Naja, fünf Wochen ist ja noch viel Zeit...
Ich habe damals für mein Abitur genau eine halbe Stunde "gelernt". Und dann noch das falsche Thema, bzw. ich habe ein anderes gewählt. Ich muß dazu allerdings sagen das ich mit meinen Leistungskursen Deutsch/Englisch/Geschichte auch nicht gerade die Lernfächer gewählt habe. Also hab ich Geschichte auch noch abgestuft, eine halbe Stunde Deutsche Revolution gelernt, und über die DDR geschrieben... Naja, 8 Punkte.
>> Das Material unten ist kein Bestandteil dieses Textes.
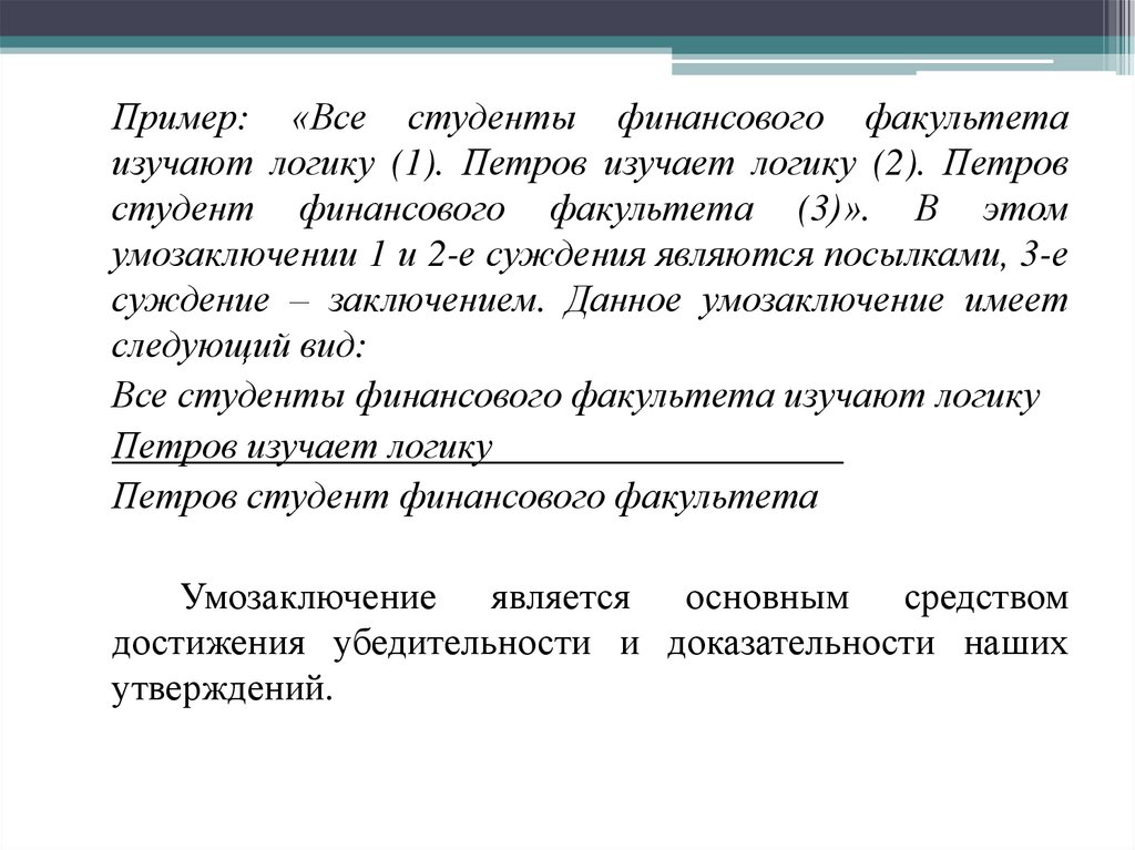 Пример: «Все студенты финансового факультетаизучают логику (1). Петров изучает логику (2). Петров

So ziemlich mein Schnitt am Ende.
Ich habe aber praktisch gar nichts für die Schule gemacht, mit Ausnahme vielleicht von Latein. Alles andere hat mich entweder interessiert, dann hatte ich eine Eins oder Zwei, oder eben nicht, dann hatte ich eben eine Drei oder auch mal eine Fünf. Deutsch und Englisch mit durchgehend 13-15 Punkten haben aber auch einiges rausgerissen.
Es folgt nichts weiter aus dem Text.